Cette crise vient questionner fortement les pratiques d’approvisionnement des ménages en produits alimentaires et notamment en produits locaux et les modes de commercialisation directe des producteurs sur les territoires.
Au-delà des constats sur les pratiques et dispositifs mis en place pendant le confinement, la question se pose de l’après crise. Quelle place pour les produits locaux dans le panier des ménages? Quel rôle du numérique dans ces approvisionnements sur notre territoire? Et plus particulièrement dans le cadre des circuits courts?
Le cadre de la recherche
L’examen de la littérature révèle que si l’usage des outils numériques et leurs conséquences sur les parcours d’achat est largement évoqué, les connaissances restent relativement limitées dans le domaine alimentaire. Peu est dit sur les manières de faire déployées par l’individu pour se saisir des ressources numériques, se les approprier et les intégrer à ses pratiques d’achat, encore moins en ce qui concerne les produits alimentaires locaux.
Ce phénomène de changement induit par le numérique dans les pratiques de consommation a été étudié initialement dans le domaine culturel, notamment la dématérialisation de la musique et défini par le terme de « numérimorphose » (Granjon et Combes, 2007). Il a récemment été utilisé pour tenter de comprendre comment le numérique venait à transformer les courses ordinaires (achats alimentaires et ménagers) (Comino, 2017). Nous nous proposons de questionner la réalité de cette numérimorphose dans le cadre des produits alimentaires locaux.

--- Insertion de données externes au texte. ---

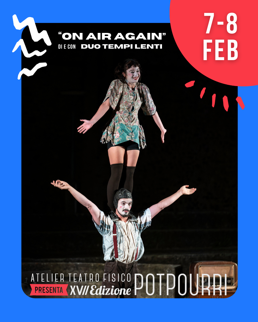Uno spettacolo a basse frequenze, visual comedy, portes acrobatico, monociclo, acrobatica a terra e clownerie.

Le cadre de la recherche est donc limité aux produits locaux, c’est-à-dire commercialisés dans un espace de 100 km (Merle et Piotrowski, 2012) qu’ils soient des produits issus de la terre ou de la mer. Les enjeux du projet DYAL Connect concernent donc les producteurs dans leur diversité, et les objectifs du projet sont donc de répondre à leurs questionnements :
Apporter des éclairages concrets et appliqués sur les usages et les bouleversements induits par l’introduction des outils numériques dans les achats des produits alimentaires locaux.
Objectiver la connaissance sur les conditions d’émergence de ces outils, de leur développement, d’enrichir l’analyse sur les conditions de leur essaimage, et de leur appropriation par les acteurs.
Réaliser des actions concrètes sur les terrains observés au sein des différentes initiatives explorées.